PROVIDED DATA section start
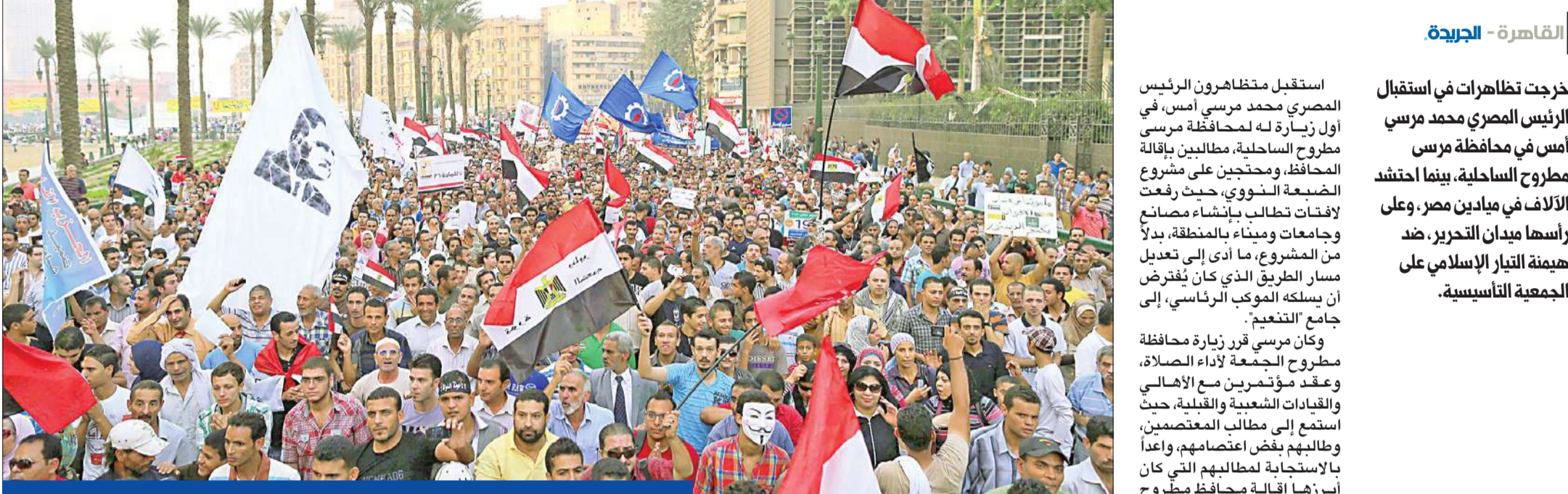
جانب من التظاهرات الحاشدة ضد «الإخوان» في ميدان التحرير وسط القاهرة أمس

الرئاسة تعترف برسالة «الود» لبييريز • الكتاتني يفوز برئاسة حزب «الحرية والعدالة»
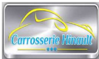
CARROSSERIE HINAULT ACQUIGNY
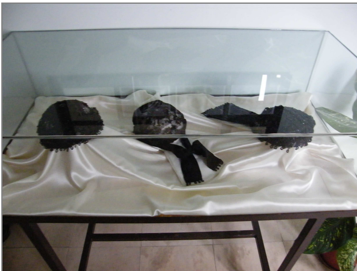
3. ábra A három kisebb, „gyöngyös főkötő”
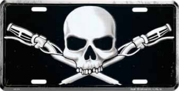
【スカルヘッドのライセンスプレート (クロスボーンハンドル)】 クロスボーンがバイクのハンドルになっているという。アメリカらしいアイデアの男らしいライセンスプレート/980円 (Candy Tower ☎06-6698-6969 www.candytower.com)
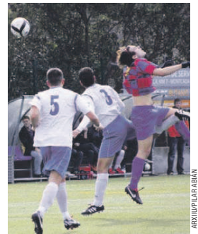
L'UE Sant Joan no troba la regularitat
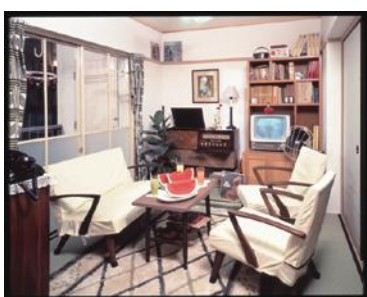
【昭和37年常盤平団地再現展示】
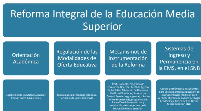
Esquema No.1: La Reforma Integral de la Educación Media Superior
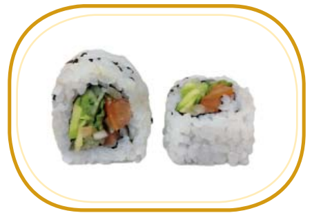
105. VEGANO ROLL €8,00 (riso aceto, alghe, avocado, cetriolo, insalata, pomodoro, sesamo)
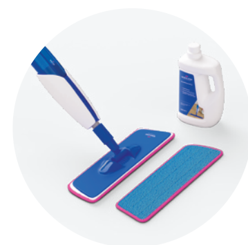
Kit de limpeza QSSPRAYKIT

Este produto de limpeza foi especificamente desenvolvido para os pavimentos Quick-Step. Limpa rigorosamente as superfícies e protege o aspeto original dos pavimentos, maximizando a experiência de ter um "pavimento novo".
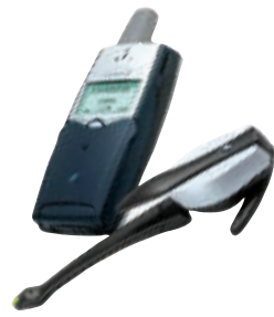
爱立信T39mc (带牙的手机)

手机博物馆开馆以来,由现代快报和越时空通信广场联合举办的“经典老手机”征集活动,得到广大手机爱好者的踊跃支持,他们不仅将珍藏多时的手机捐赠到“手机博物馆”,还记录下自己与手机的点滴故事与大家分享。
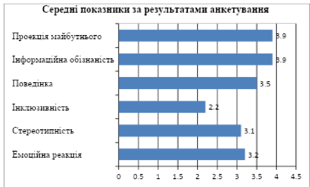
Рис.2.1. Результати анкетування

Аналіз середніх показників за основними детермінантами соціальної перцепції виявив низку закономірностей, що відображають стан сучасної української суспільної свідомості. Відповіді досліджуваних на запитання анкети дають можливість робити наступні висновки (Рис.2.1.)
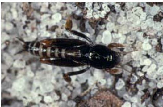
Foto 4. Neotridactylus archboldi .
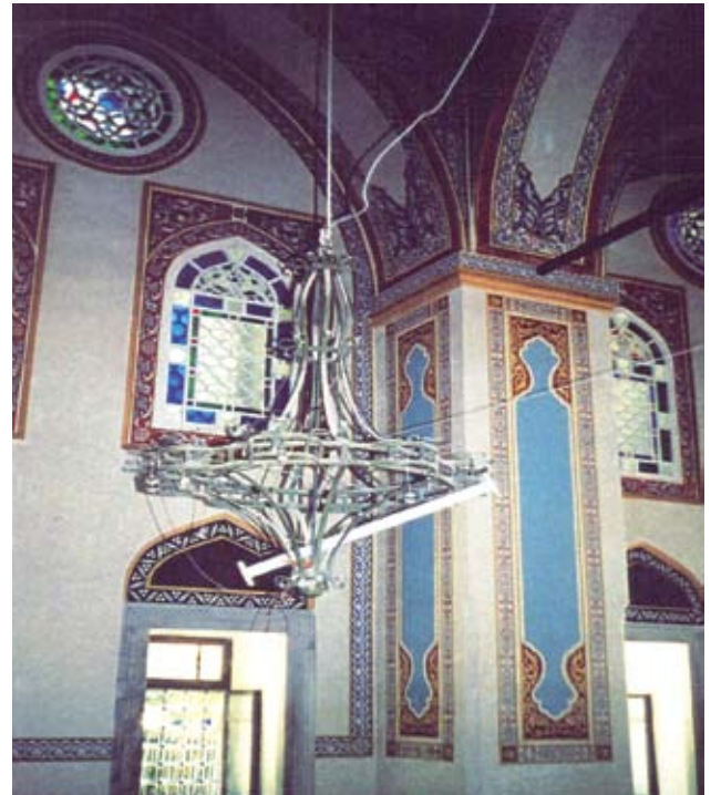
Resim, 13- Alt kat pencereleri restorasyon sonrası

Kubbeleri bağlayan Kemer alınlarında ve kemer altlarında yapılan raspa çalışmalarında kayda değer sıva ve kalem işlerine rastlanılmadığından mevcut son dönem esas alınarak, renklendirme yapılmıştır.
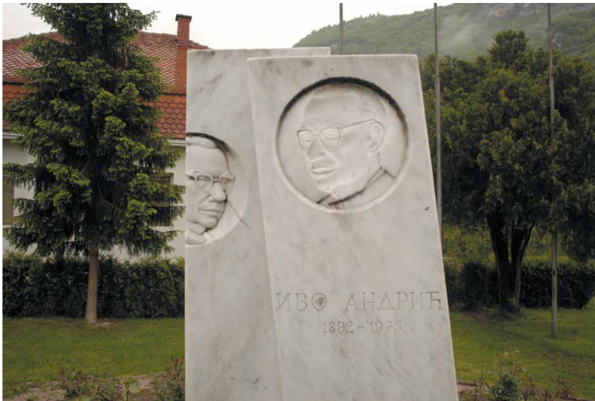
1994 “Надгробен споменик” – Споменик на Иво Андриќ, Вишеград, Босна и Херцеговина
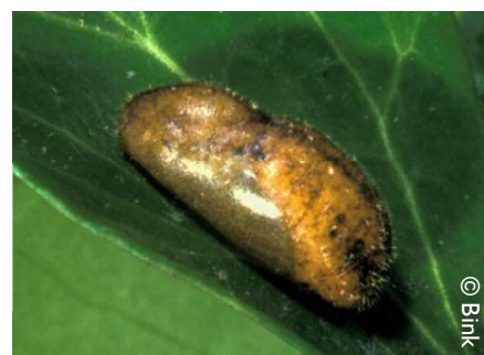
Pop van een boomblauwtje
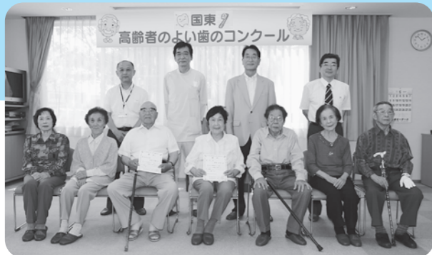
▲優良賞以上のみなさん（前列）
PROVIDED DATA section end
> _EXERCISE_:
Repeat verbatim the lines between the start of the data and the line containing "Kit de limpeza QSSPRAYKIT", both ends included, omitting all pictures.

> _SOLUTION TO THIS PROBLEM_:
جانب من التظاهرات الحاشدة ضد «الإخوان» في ميدان التحرير وسط القاهرة أمس

الرئاسة تعترف برسالة «الود» لبييريز • الكتاتني يفوز برئاسة حزب «الحرية والعدالة»
CARROSSERIE HINAULT ACQUIGNY
3. ábra A három kisebb, „gyöngyös főkötő”
【スカルヘッドのライセンスプレート (クロスボーンハンドル)】 クロスボーンがバイクのハンドルになっているという。アメリカらしいアイデアの男らしいライセンスプレート/980円 (Candy Tower ☎06-6698-6969 www.candytower.com)
L'UE Sant Joan no troba la regularitat
【昭和37年常盤平団地再現展示】
Esquema No.1: La Reforma Integral de la Educación Media Superior
105. VEGANO ROLL €8,00 (riso aceto, alghe, avocado, cetriolo, insalata, pomodoro, sesamo)
Kit de limpeza QSSPRAYKIT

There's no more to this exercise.